И наступало долгое молчание.
- Чего это, нянечка, филин кричит? - говорила сестра.
- Не судом кричит-с, пропасти на него нету. Хоть бы из ружья постращать. А то прямо жуть, все думается: либо к беде какой? И все барышню пугает. А она ведь до смерти пуглива!
- А как захворала она?
- Да известно-с: все слезы, слезы, тоска... Потом молиться зачали... Да все лютее с нами, с девками, да все сердитей с братцами...
И, вспоминая арапники, мы спрашивали:
- Не дружно, значит, жили?
- Куда как дружно! А уж особливо после того, как заболели-то оне, как дедушка померли, как вошли в силу молодые господа и женился покойник Петр Петрович. Горячие все были - чистый порох!
- А пороли дворовых часто?
- Этого у нас и в заведенье не было-с. Я как провинилась-то! А и было-то всего-навсего, что приказали Петр Петрович голову мне овечьими ножницами оболванить, затрапезную рубаху надеть да на хутор отправить...
- А чем же ты провинилась?
Но ответ далеко не всегда следовал прямой и скорый.
Рассказывала Наталья порою с удивительной прямотой и тщательностью; но порою запиналась, что-то думала; потом легонько вздыхала, и по голосу, не видя лица в сумраке, мы понимали, что она грустно усмехается:
- Да тем и провинилась... Я ведь уж сказывала... Молода-глупа была-с. "Пел на грех, на беду соловей во саду..." А, известно, дело мое было девичье...
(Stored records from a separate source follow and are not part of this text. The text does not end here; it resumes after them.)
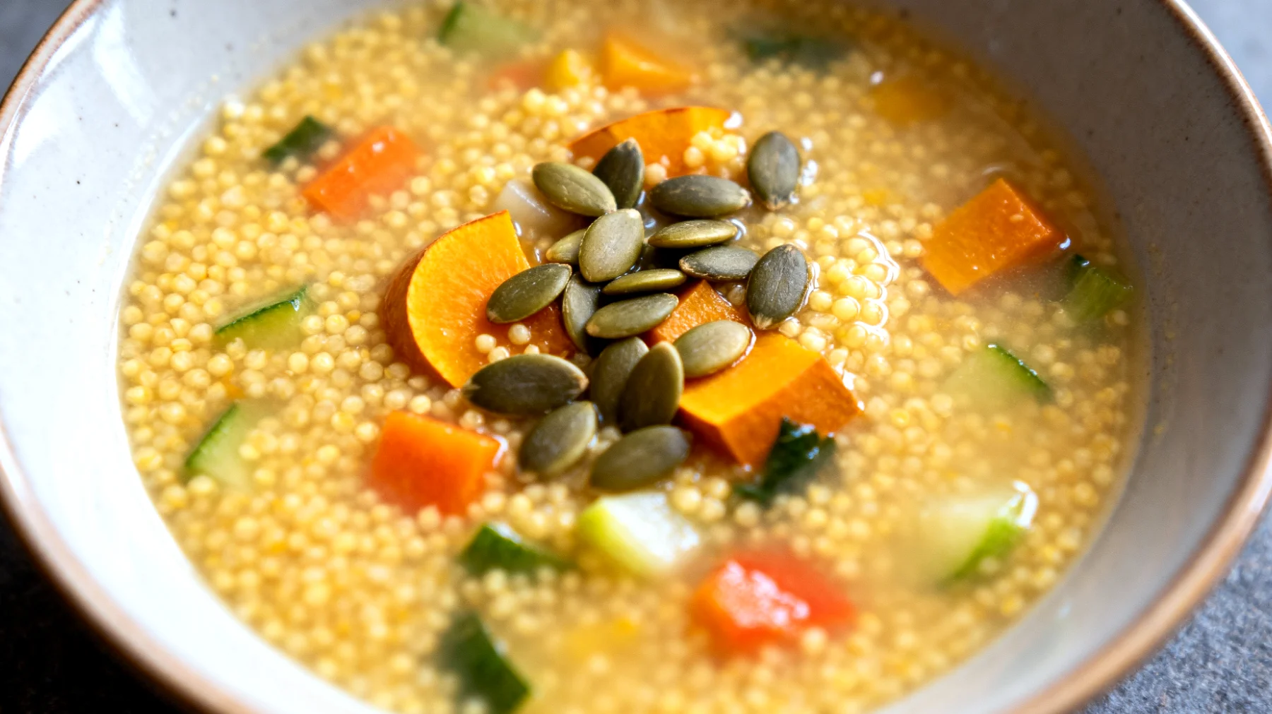 La zuppa di miglio con verdure e semi di zucca rappresenta una scelta nutrizionalmente equilibrata per chi desidera concludere la giornata con un pasto che nutra senza appesantire. Il miglio è un cereale antico, privo di glutine, con un buon contenuto di carboidrati complessi, fibre, vitamine del gruppo B e minerali come magnesio, fosforo, ferro e potassio, che lo rendono utile per chi pratica attività fisica e svolge lavori mentalmente impegnativi.
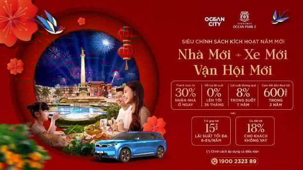 Vinhomes vừa đưa ra các chính sách ưu đãi “bom tấn” dành cho khách hàng và nhà đầu tư quan tâm đến các sản phẩm BĐS vượt trội tại Vinhomes Ocean Park 2 - “quận Kinh Đô” của Ocean City, mở ra cơ hội “ở nhà mới, đón Tết sang” hấp dẫn bậc nhất thị trường.
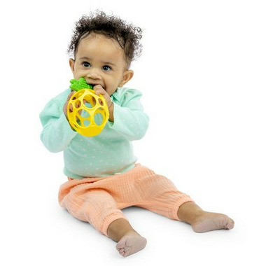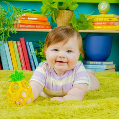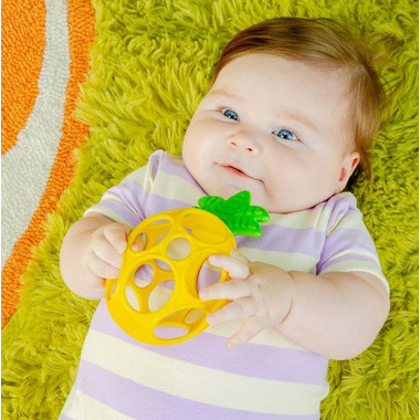 - Easy to grasp pineapple toy made from Bright Starts flexible, durable Oball technology features finger holes for small hands to hold and play
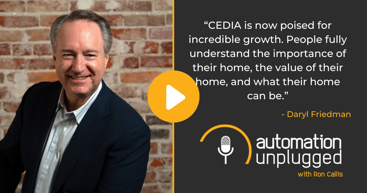 Automation Unplugged #271 feat. Daryl Friedman, Global President & CEO of CEDIA. Join us for an exciting show that dives into how CEDIA is raising awareness of the industry to the consumer, upcoming education and activities at CEDIA Expo this year.
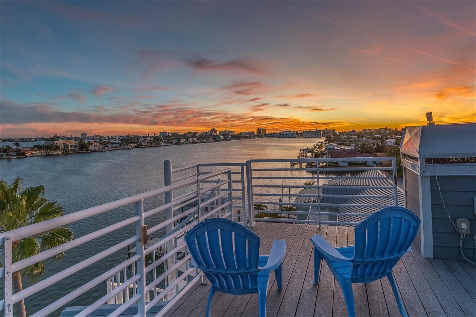 Under contract-accepting backup offers. 85ft OF WATER FRONTAGE | 2 BOAT LIFTS | 2 JETSKI LIFTS | PANORAMIC WATERVIEWS | PRIVATE ELEVATOR. Welcome to the most remarkable waterfront residences on St. Pete Beach, where coastal living, craftsmanship, and pure relaxation unite. The ultimate outdoor experience while maintaining peace of mind with full elevation, impact-rated windows and doors, and an outdoor oasis that surpasses every expectation. Step onto your own PRIVATE MARINA with an expansive composite dock featuring two boat lifts (30K and 10K), dual jet ski lifts, water, electric, newer seawall, and a fish-cleaning station for your fresh catch. Located on the Intracoastal waterway with quick Gulf access this is a fisherman/boater's dream. The backyard transforms into a resort-style escape with a SALTWATER PEBBLE TECH POOL featuring three cascading waterfalls, in-water seating, a sun shelf, and a heater/chiller system for ideal comfort in every season. Surrounding it all is elegant Travertine tile connecting multiple entertaining areas, a massive authentic TIKI HUT (22' x 24'), and low-maintenance artificial turf ensures your time is spent relaxing, not mowing. Step through the custom front door and enter into 3,489 square feet of luxurious living space (4,856 Total Gross Area) where an abundance of light fills every room, high ceilings and uninterrupted water vistas through floor-to-ceiling hurricane-rated frameless windows. The open-concept great room boasts a custom bar accented with wood trim and complete with its own refrigerator and sink. Designed for the modern chef, the custom kitchen boasts stainless-steel cabinetry, Quartz counters, four THOR refrigerator drawers, and premium stainless-steel appliances throughout. A dining area, half bath, and a butler’s pantry/utility room complete this level. The second-level covered porch overlooks the INTRACOASTAL and is complete with tongue and groove wood ceilings, tile floors, ceiling fans, electric shades, and a built-in propane gas connection for your grill. Enjoy Sonos-powered music throughout every level, inside and out. The third floor offers a split-bedroom layout with a cozy entertainment lounge and fireplace with sliders leading the third level covered balcony. Two guest bedrooms share a well-appointed bath, while the primary suite enjoys dual closets, a gas fireplace, and a private balcony. It's SPA-INSPIRED bathroom completes the retreat with sophistication and serenity. The fourth floor presents a versatile guest suite with its own bath, an all-glass sitting area, plus direct access to the ROOFTOP DECK which is the highest residential vantage point in St. Pete Beach. From here, take in 360-degree panoramas of downtown St. Petersburg, Tropicana Field, the Don CeSar, Boca Ciega Bay, and the Gulf. This deck is the ultimate perch for sunrise coffees, sunset toasts, and dolphin watching. The ground floor has a two-car garage, dual storage rooms, a bar area with roll-up door to the pool, a bonus recreation room, and a full bath. The oversized paver driveway offers ample space to accommodate multiple vehicles with ease. The entire exterior was reimagined with maintenance free Hardie Plank siding, new eaves, PVC fascia, gutters, and lifetime metal roof (2025), all designed for durability and style. Every surface of this home has been thoughtfully upgraded with precision and purpose. This is not just another waterfront home, it’s a custom-crafted sanctuary designed for those who want to live every day like a vacation.
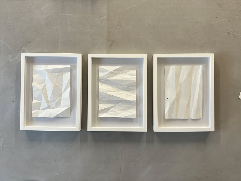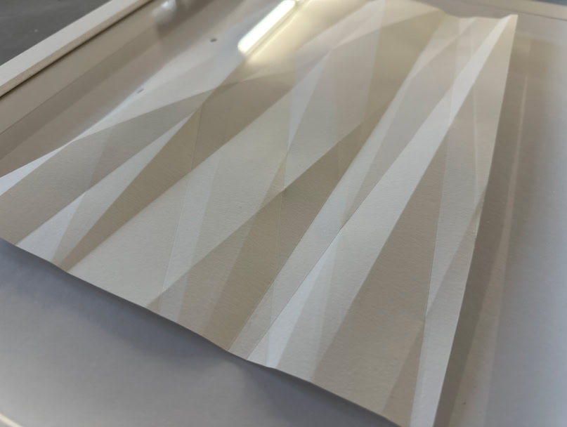 Matthias Lehmann's starting point and the basis of many of his artistic works is his experimental approach to paper, a material that loses its two-dimensional form with the first crease or curvature and inevitably transitions into three-dimensional space. In numerous folders and archives, he experimentally explores the possibilities of folding and curving on a small scale in order to subsequently expand them into larger, sometimes expansive works and installations.
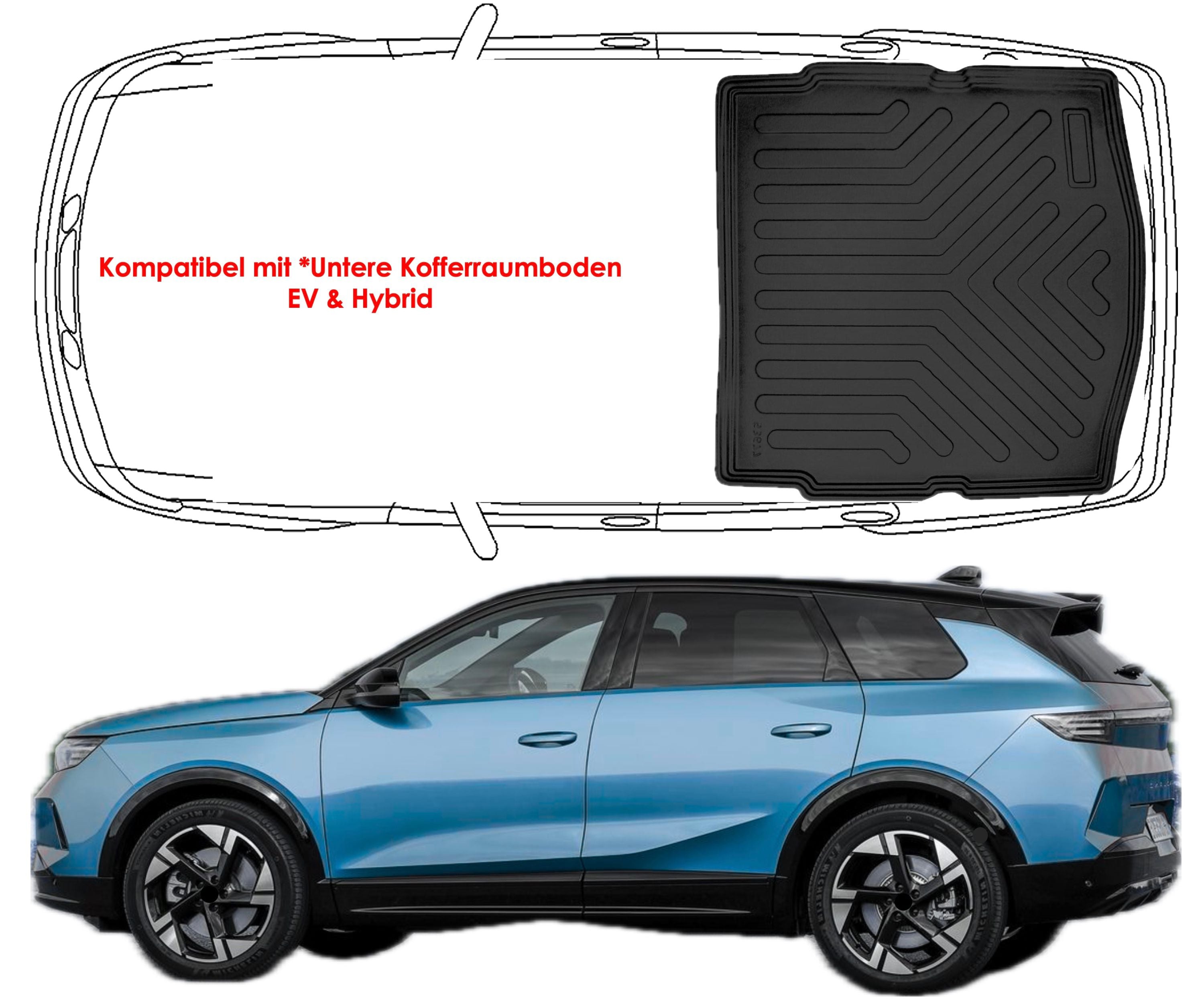 Maximaler Schutz trifft auf perfekte Passform: Die passgenauen Trimak Gummimatten wurden mithilfe modernster 3D-Laserscantechnologie speziell für den Trimak Opel Grandland 2.Gen ab 2024 EV & Hybrid Kofferraumwanne entwickelt.

Сестра ласково спросила ее:
- Ты уж скажи, нянечка, стихи эти до конца.
И Наталья смущалась.
- Это не стихи-с, а песня... Да я ее и не упомню-с теперь.
- Неправда, неправда!
- Ну, извольте-с...
И скороговоркой кончала:
- "Как на грех, на беду..." То бишь: "Пел на грех, на беду соловей во саду - песню томную... Глупой спать не давал - в ночку темную..."
Пересиливая себя, сестра спрашивала:
- А ты очень была влюблена в дядю? И Наталья тупо и кратко шептала:
- Очень-с.
- Ты всегда поминаешь его на молитве?
- Всегда-с.
- Ты, говорят, в обморок упала, когда тебя везли в Сошки?
- В оморок-с. Мы, дворовые, страшные нежные были... жидки на расправу... не сравнять же с серым однодворцем! Как повез меня Евсей Бодуля, отупела я от горя и страху... В городе чуть не задохнулась с непривычки. А как выехали в степь, таково мне нежно да жалостно стало! Метнулся офицер навстречу, похожий на них,- крикнула я, да и замертво! А пришедчи в себя, лежу этак в телеге и думаю: хорошо мне теперь, ровно в царстве небесном!
- Строг он был?
- Не приведи господи!
- Ну, а все-таки своенравнее всех тетя была?
- Оне-с, оне-с. Докладываю же вам: их даже к угоднику возили.
Натерпелись мы страсти с ними! Им бы жить да поживать теперь, как надобно, а оне погордилися, да и тронулись... Как любил их Войткевич-то! Ну, да вот поди ж ты!
- Ну, а дедушка?
- Те что ж? Те слабы умом были. А, конечно, и с ними случалось.
Все в ту пору были пылкие... Да зато прежние-то господа нашим братом не брезговали. Бывалыча, папаша ваш накажут Герваську в обед, - энтого и следовало! - а вечером, глядь, уж на дворне жируют, на балалайках с ним жундят...
- А скажи,- он хорош был, Войткевич-то? Наталья задумывалась.
- Нет-с, не хочу соврать: вроде калмыка был. А сурьезный, настойчивый. Все стихи ей читал, все напугивал: мол, помру и приду за тобой...
- Ведь и дед от любви с ума сошел?
- Те по бабушке. Это дело иное, сударыня. Да и дом у нас был сумрачен, - не веселый, бог с ним. Вот извольте послушать мои глупые слова...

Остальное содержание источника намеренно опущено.